Friday 15 May 2009

(4) The principal cause of the war - An outsider's comments on the Sri Lankan conflict

The principal driving force that led to conflict was Sinhalese nationalism.

Ceylon’s first prime minister, DS Senanayake, died in a riding accident and his party, the United National Party (UNP), was soon challenged and defeated by the Sinhala nationalist Sri Lanka Freedom Party (SLFP). Thereafter, in election after election, both parties played the race card shamelessly, whipping up nationalist sentiment and struggling to out-do each other to win the Sinhalese vote.


In so doing, they exacerbated racist sentiments among the Sinhalese, and marred Sinhalese cultural nationalism, giving it a dark edge it need not have had.

Whenever a party in power tried to compromise with the island’s minority communities, the party in opposition would raise a nationalist hullabaloo. The monks joined in. Step by step, nationalist and racist mores became ratcheted into the body politic and culture of Sinhalese Ceylon.

Indeed, from an early stage, the nationalist demon became a cultural force the political parties could not always control, and yet felt obliged to accommodate – in much the same way that militant Islam was first used, then feared, but nonetheless still accommodated and still used, by Muslim governments today, such as those of Pakistan and Malaysia.

Religion in the form of Buddhism is a major component of Sinhalese nationalism, and extreme nationalist Buddhist monks have played a major role in fanning the flames of conflict.

Driven on by ethno-religious nationalism, in part riding and in part being driven by the wave they helped create, successive Lankan governments enacted numerous pieces of legislation to bolster the rights of the Sinhalese at the expense of the Tamils.
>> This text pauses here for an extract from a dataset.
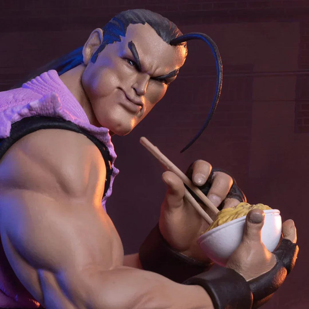 Dan hingegen sitzt lässig, mit übergeschlagenen Beinen, über eine dampfende Schüssel Nudeln gebeugt. Er schaut über seine Schulter, als wäre er durch die Unterbrechung seiner Mahlzeit genervt, aber nicht genug, um langsamer zu werden. Sein Porträt ist meisterhaft skulptiert, um nicht nur seine Verärgerung darzustellen… sondern auch seine klare Mundvoll Nahrung. Sein pinkes Gi ist in großartiger Detailtreue skulptiert und steht im Kontrast zu seinen dunkelbraunen Handschuhen und seinem Rash Guard. Ein pinkes Haargummi, das zu seinem Gi passt, hält seinen engen Pferdeschwanz an Ort und Stelle, abgesehen von einem einzelnen Haarstrang, der von seiner Stirn absteht.

A few examples: The 1956 Sinhala Only Act made Sinhala the sole official language of the country. Imagine the cultural and psychological effects of that on all sides. Moreover, Tamils in the civil service who could not speak Sinhala lost their jobs.
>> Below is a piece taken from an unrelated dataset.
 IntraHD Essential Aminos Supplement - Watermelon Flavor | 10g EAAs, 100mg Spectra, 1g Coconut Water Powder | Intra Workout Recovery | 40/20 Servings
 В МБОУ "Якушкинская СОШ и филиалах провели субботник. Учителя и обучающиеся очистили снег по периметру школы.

Over several decades, the state organised Sinhalese colonization of traditional Tamil areas. Imagine the cultural and psychological effects of that.
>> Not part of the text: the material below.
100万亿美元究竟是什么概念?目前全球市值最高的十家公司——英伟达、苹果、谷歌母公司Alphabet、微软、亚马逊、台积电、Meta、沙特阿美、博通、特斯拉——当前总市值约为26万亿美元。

Other examples: the importing of Tamil language films, books and magazines from India was banned. Examinations for external degrees from the University of London, from which the Tamils had benefited, were abolished. Funding for Tamil students going to India for university education was stopped. Affirmative action schemes were introduced to make it easier for Sinhalese students to get into higher education, but harder for Tamils.

And along with legislative action came more general, communal racism. The worst of it was the pogroms of 1958, 1977 and 1983 in which thousands of Tamils had their homes and livelihoods destroyed, or were beaten, raped or killed. Tamilian cultural treasures were also systematically destroyed, most notoriously in the burning of the public library in Jaffna, which was one of the finest in South Asia and housed numerous unique manuscripts, now lost forever; but such spasms were just sudden, violent expressions of growing anti-Tamil sensibilities, spearheaded by right-wing zealots but spreading through the wider Sinhalese populace.

Even the renaming of Ceylon as Sri Lanka was a Sinhala nationalist step; “Sri” in this context means venerable in the Buddhist tradition. Indeed, the 1972 constitution which changed the state’s name also declared that the state should “give to Buddhism the foremost place and accordingly, it shall be the duty of the state to protect and foster Buddhism.”